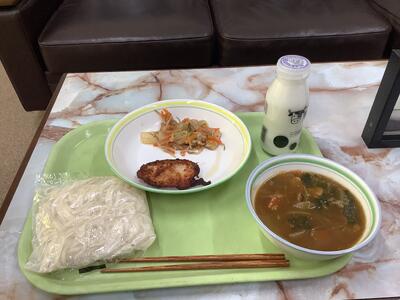 プルコギ丼、トックスープ、牛乳です。
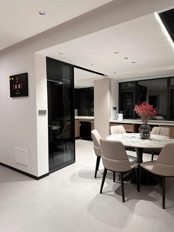 再比如给餐厨区的墙体开个窗,除了可以让空间更通透之外,还兼具了互动、吧台、传菜等多种功能。
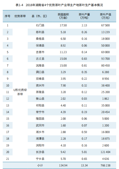 湖南省成为全国茶叶优势区域规划中的名优绿茶和出口绿茶优势区域,是全国著名的“绿茶优势产业带”“黑茶产业中心”“中国黄茶之乡”,形成了绿茶、黑 茶、红茶、黄茶、花茶等多茶类发展的产业结构。
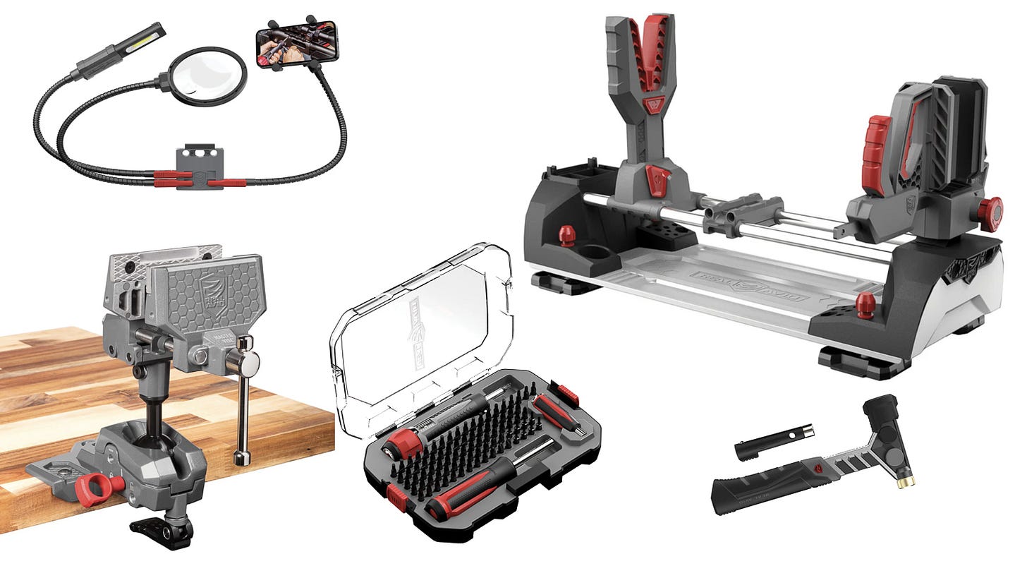 While I was at SHOT Show I visited the Real Avid booth and put together an order of the gear I needed inside the Shooting Shack. Not only do I want to be able to shoot and do some load development, I also wanted to be able to clean guns, mount optics, install triggers and other accessories, and conduct maintenance.
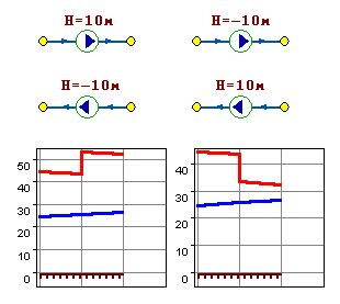 На рисунке видно, как различные направления участков, входящих и выходящих из насоса в сочетании с разными знаками напора на насосе влияют на результат расчета, отображенный на пьезометрических графиках. Когда задается только значение напора на насосе, оно остается неизменным не зависимо от проходящего через насос расхода.
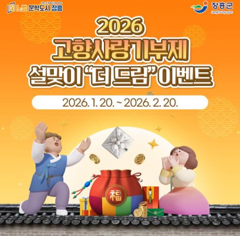 [무한뉴스=정민정 기자] 장흥군은 설 명절을 앞두고 고향사랑기부제 활성화를 위해 1월 20일부터 2월 20일까지 ‘2026 설맞이 고향사랑기부제 더 드림 이벤트’를 진행한다.
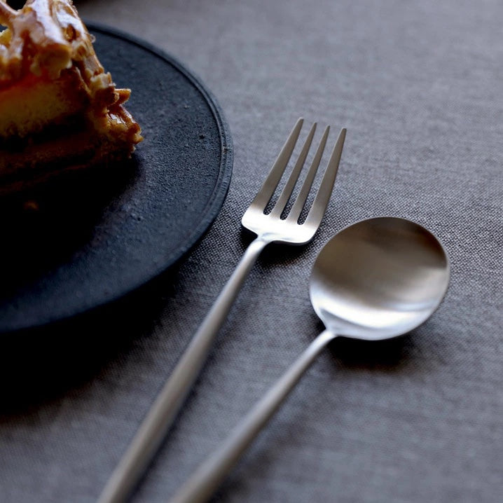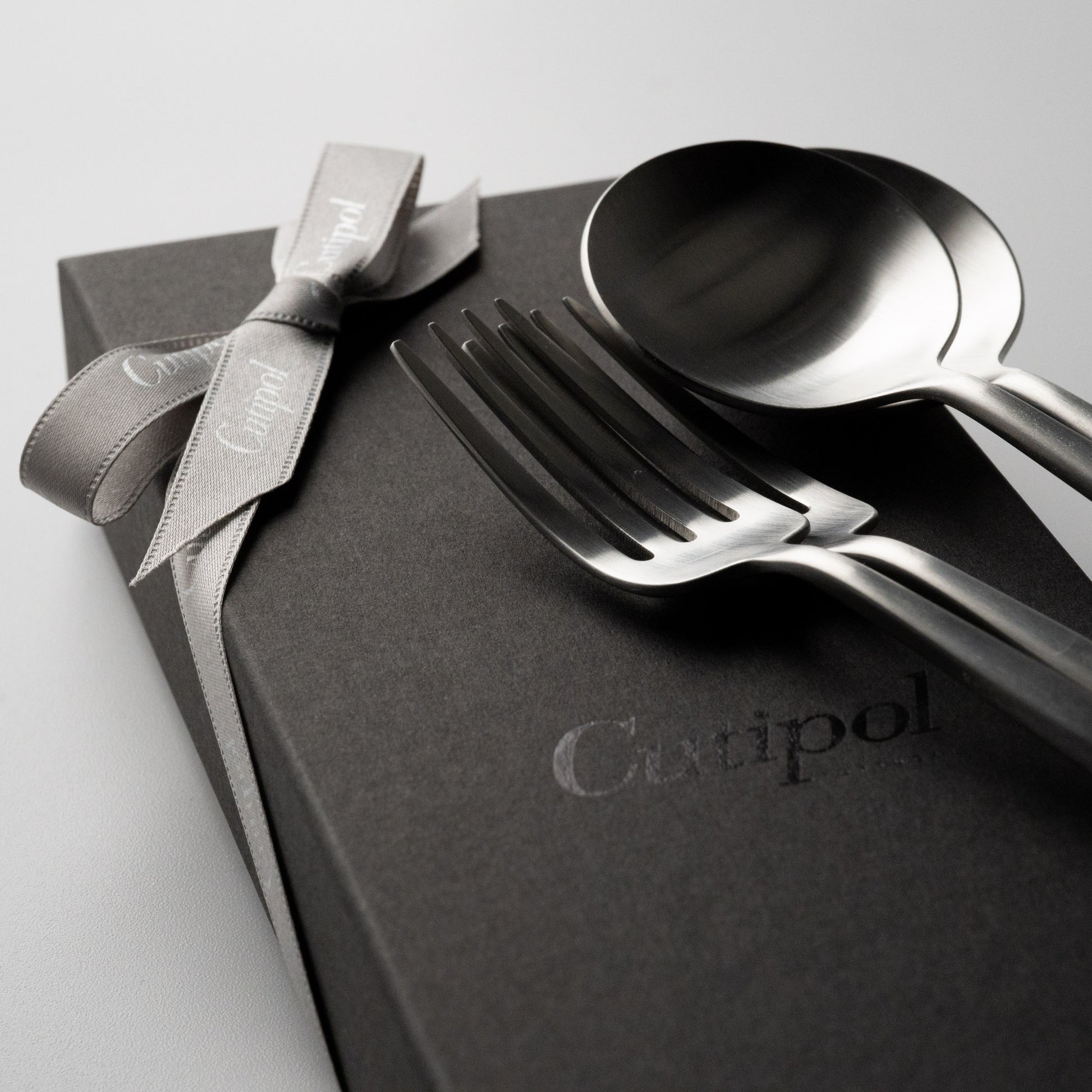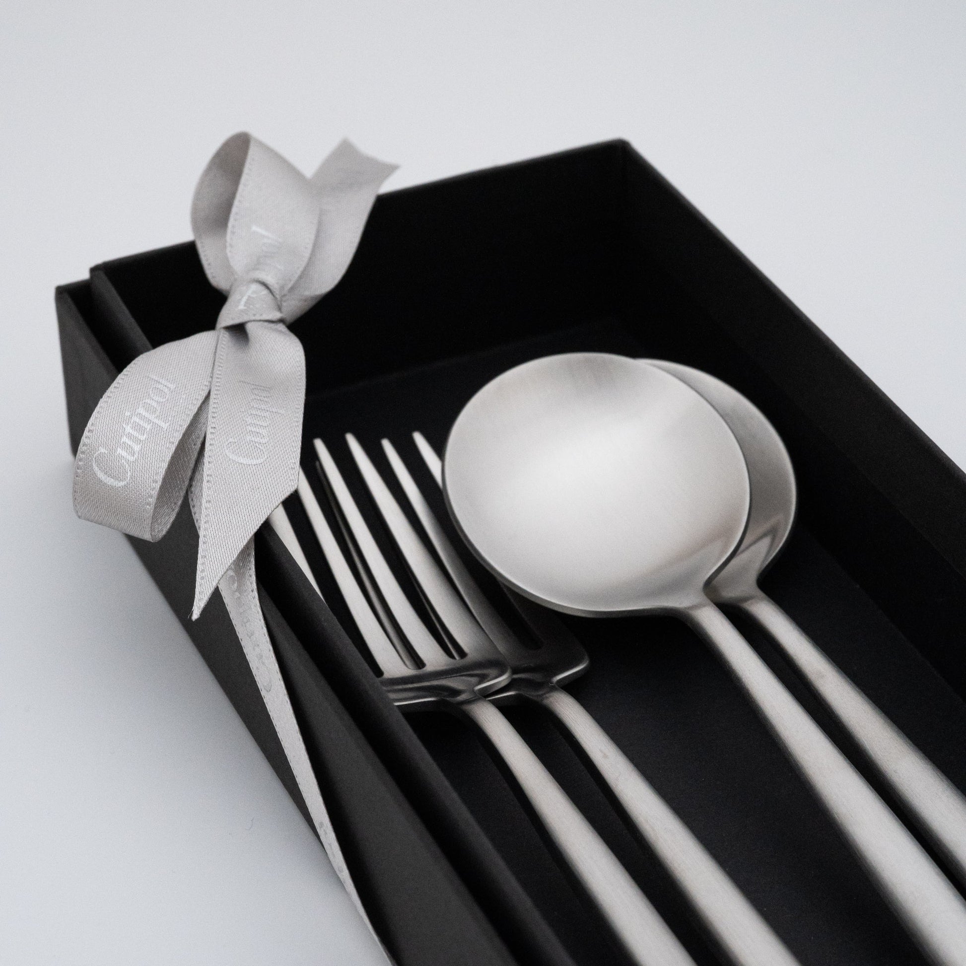 洗練されたフォルムで世界中で人気の高いポルトガルのカトラリーブランド「Cutipol」。1本1本ハンドメイドで仕上げられる作品とも言えるその美しいデザインは、人間工学に基づき設計された持ちやすさ、使いやすさをともなった機能的なカトラリーです。細身の持ち手とオールステンレスならではの適度な重みで、手にする喜びをデザインしたMOONシリーズ。シンプルで飽きのこないデザインがすべての料理にマッチします。 大切な人へのギフトに、日常使いにちょうどいいデザートフォークとスプーンをペアのカトラリーセットでご用意しました。 クチポールロゴ入りのギフトボックスにロゴ入りリボンをかけてお届け。クチポール正規品の証となる日本語版のリーフレットも付属しており、クチポール社のメッセージとともに製造風景などが紹介されています。また、当店オリジナルショッパー(紙袋)が付属しておりますのでそのままプレゼントとしてお渡しいただけます。 ■素材
◇ ◇ ◇
ASSIGNED TASK
Output the lines, exactly: the first line of the entries above, every line after it, and the line with "湖南省成为全国茶叶优势区域规" as the last. No pictures.

TASK OUTPUT
 プルコギ丼、トックスープ、牛乳です。
 再比如给餐厨区的墙体开个窗,除了可以让空间更通透之外,还兼具了互动、吧台、传菜等多种功能。
 湖南省成为全国茶叶优势区域规划中的名优绿茶和出口绿茶优势区域,是全国著名的“绿茶优势产业带”“黑茶产业中心”“中国黄茶之乡”,形成了绿茶、黑 茶、红茶、黄茶、花茶等多茶类发展的产业结构。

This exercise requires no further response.